Besides the pair each of ring-tailed lemurs and white-nosed coatis, the approximately 30 recovered animals also included three fennec foxes, several rabbits, a screech owl, pigeons, roosters and several small birds.

Police said they hadn’t received any complaints about animals at the property before some of them escaped on Wednesday.

Both the police and the zoo want to know where the man got the animals.

“Privately owned exotic animals kept as ‘pets’ often end up in compromised conditions and in need of rescue,” Ron Kagan, the zoo’s executive director and CEO, said in the news release. “We previously worked with the Michigan Humane Society and other organizations to pass legislation barring the ownership of exotic animals in Michigan.”

At least one of the species is classified as endangered.

Ring-tailed lemurs (Lemur catta) are on the ICUN/World Conservation Union’s endangered species Red List. They’re among the animals illegally brought to the United States in the pet trade, one of several factors that threaten their extinction.

Indigenous to the dry forests and bush of southern and southwestern Madagascar.

Downgrading lemurs from vulnerable to endangered, conservationists said the population density is very low and restricted to isolated fragments. The population may have declined 50 percent over three generations (36 years).

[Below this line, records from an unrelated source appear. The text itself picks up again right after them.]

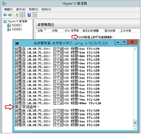 當來源端Hyper-V主機(Node 1)傳送完VM虛擬主機記憶體狀態時,在切換到目的端Hyper-V主機(Node 2)的「瞬間」,將會看到外部主機對VM虛擬主機的持續ping封包掉了「001個」,這是因為VM虛擬主機遷移到不同的Host主機(MAC Address不同),因此交換器需要更新其MAC Address Tables所導致(圖18)。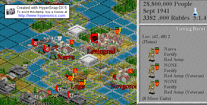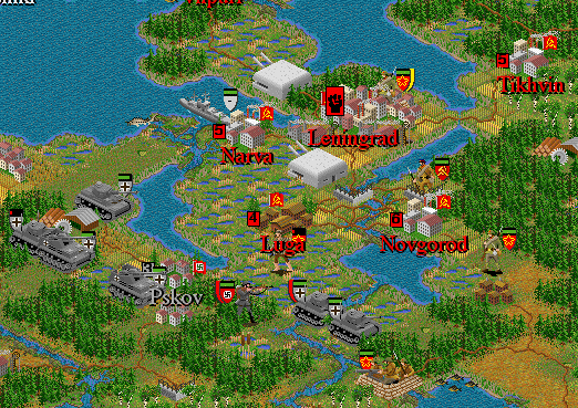 Ok, with the new turn grave news has reached us. Despite having stationed the bulk of my army in Narva the city has now fallen (taking more than 20 units with it). A karl seige mortar is at the gates of Leningrad and the city itself is so poorly guarded that it will fall easily to the fascist invadors unless we do something.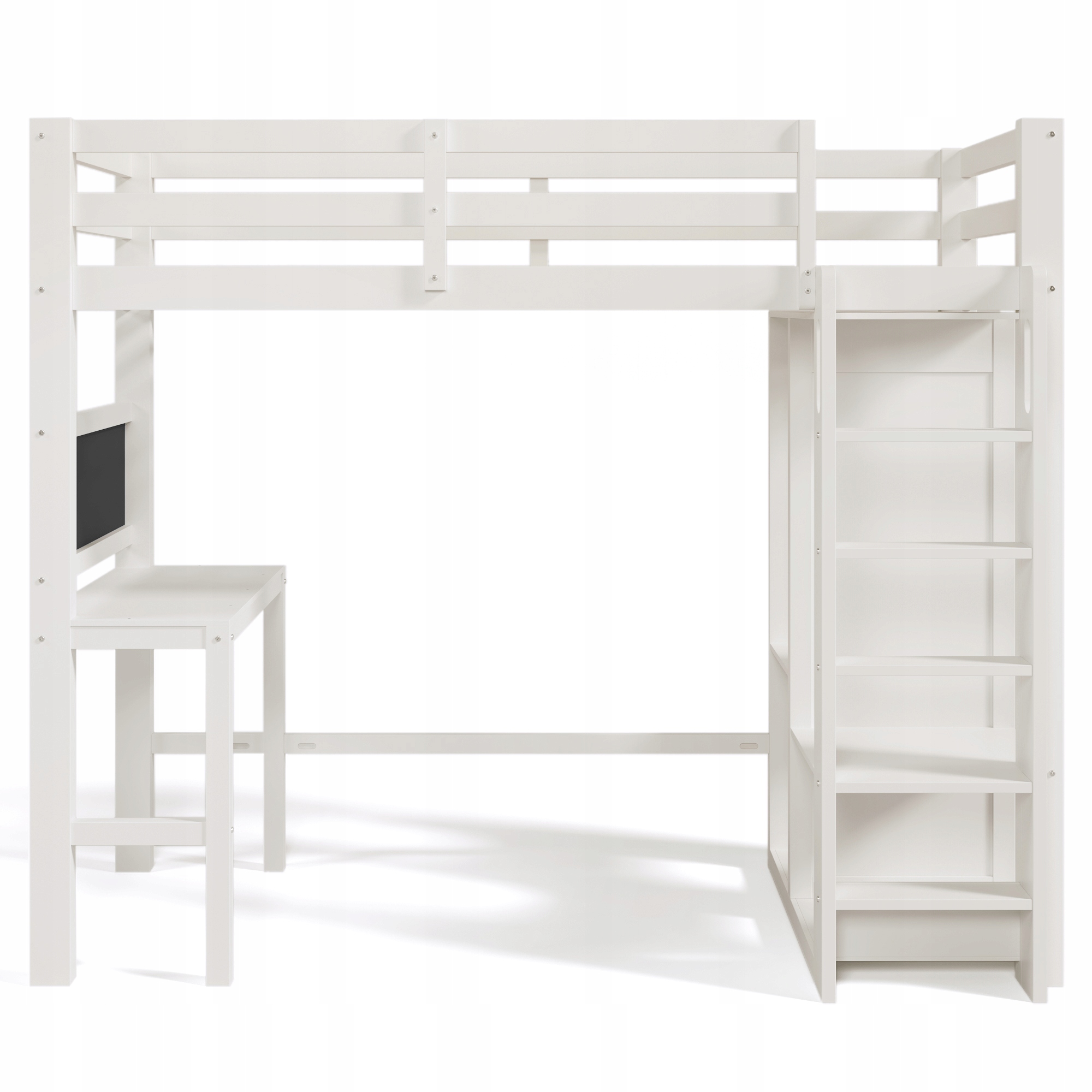 двухъярусная кровать для детей с столом, открытым гардеробом и полками, детской кроватью с рамой планок и коллапсом с падением, односменной кроватью, 90x200 см - 109x206x184 см (ширина x высота) - белый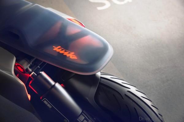 The Concept Link also deliberately showcases the technology used as part of the design package. That is why the side panels don’t completely cover the side section at the rear. Instead they stretch across the vehicles side like little wings allowing views of the technical elements like drive unit, cooling ribs, single-sided swing arm, spring strut and tooth belt. At the same time they help improve aerodynamic air flow. The iconic rear lights have been integrated into the rear side panels in the form of two C-shaped light elements.

One of the primary factors in their decline was “exploitation through unsustainable levels of hunting.”

The white-nosed coati (Nasua narica),whose range includes the southwest United States and parts Central America and South America, isn’t endangered, but World Conservation Union officials say it is locally threatened because of habitat destruction.

The zoo said some of the animals will remain under quarantine and will receive species-appropriate health care and diets. When they are certified as healthy, some wil be transferred to the Michigan Humane Society. The permanent placement of some of the animals remains in question, the zoo said.

The zoo is frequently asked to help with the rescue of exotic animals from private owners, pseudo-sanctuaries, roadside zoos and circuses, according to the news release.

Past rescues include more than 1,000 exotic animals confiscated from an animal wholesaler in Texas, a polar bear from a tropical circus and lions kept in a junkyard in Kansas.